Decartan Israeli AI company that emerged from stealth today with $21 million in funding from Sequoia and Oren Zeev, has released what it’s claiming is the first playable “open-world” AI model.
Called Oasis, the model, which is available for download, powers a demo on Decart’s site: a Minecraft-like game that’s generated on the fly, end to end. Trained on videos of Minecraft gameplay, Oasis takes in keyboard and mouse movements and generates frames in real time, simulating physics, rules, and graphics.
Oasis is part of an emerging category of generative AI models called “world models.” Many of these models can simulate games — but few at frame rates as high as Oasis.
I tried the demo out of curiosity, and I’d say it has a ways to go before it’s a genuinely fun experience.

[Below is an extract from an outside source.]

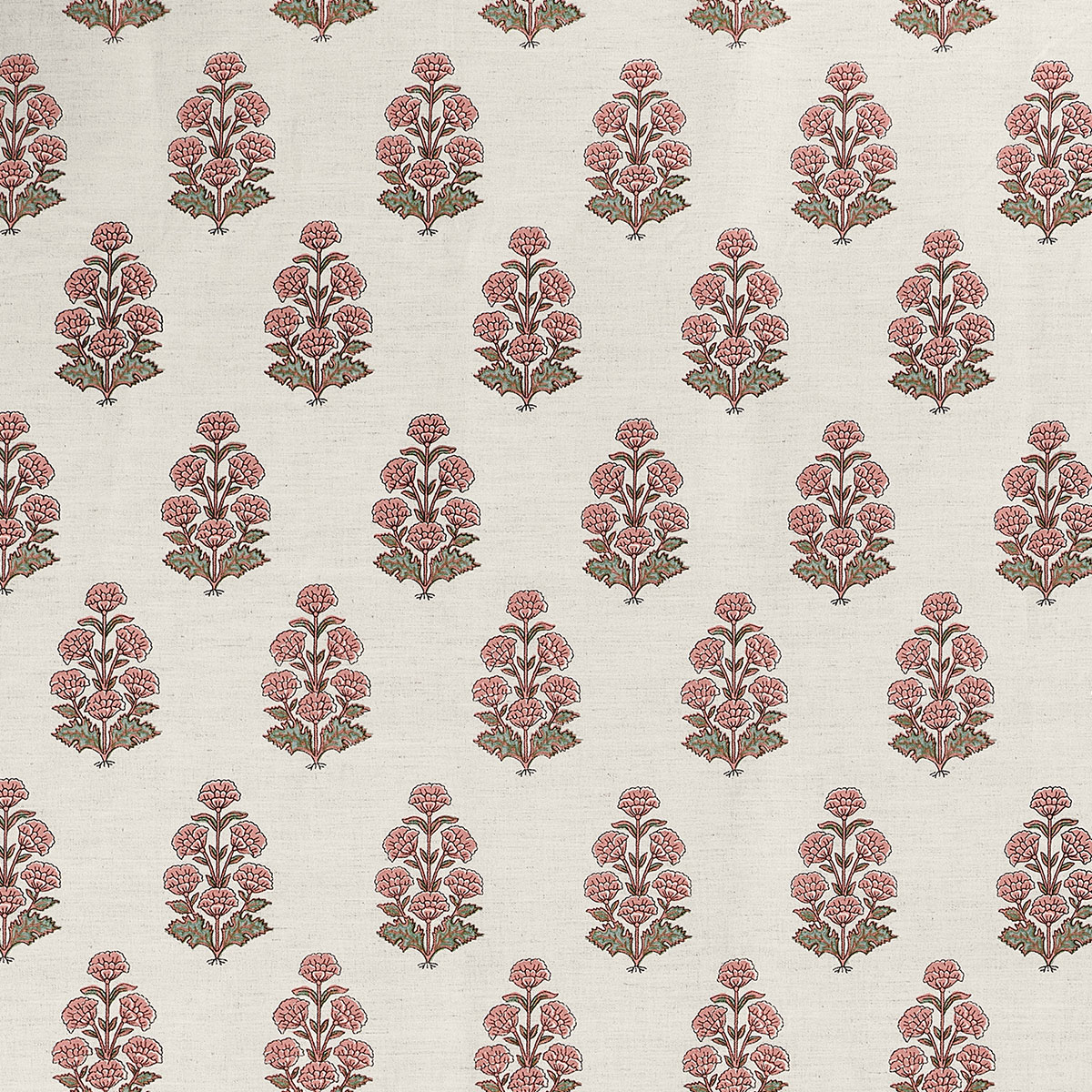 The open, small-scale design of Audrey is a great complement to the dense, allover patterns of the Boxwood collection. The Indienne block print design features little carnation bouquets in five colorways including blush, grey and beige.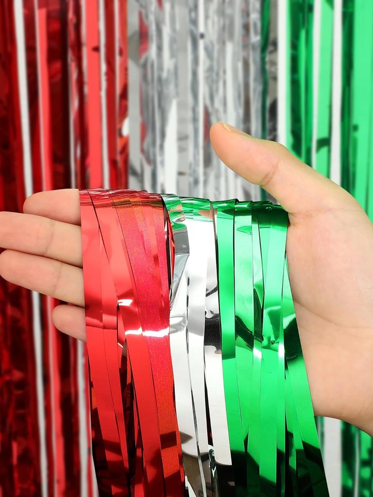 Weihnachtsquastenvorhang Weihnachtsfeier Dekoration, 1x2m Rot Silber Grün Glänzende Quasten Party, Hintergrund Partydekorationen

The resolution is quite low, and Oasis tends to quickly “forget” the level layout — I’d turn my character around only to see a rearranged landscape.
I wonder, too, about the copyright implications, here. Decart doesn’t say it got Microsoft’s blessing to train on Minecraft footage. (Microsoft owns Minecraft.) Is Oasis basically creating an unauthorized copy of Minecraft? That’s for the courts to decide.
Decart believes, however, that future versions of Oasis, which was optimized to run on Etched’s upcoming AI accelerator chips (the demo currently runs on Nvidia H100 GPUs), could generate up to 4K gameplay.
“(These) models may even augment modern entertainment platforms by generating content on the fly according to the user preferences,” Decart writes in a blog post. “Or perhaps a gaming experience that provides new possibilities for the user interaction such as textual and audio prompts guiding the gameplay.”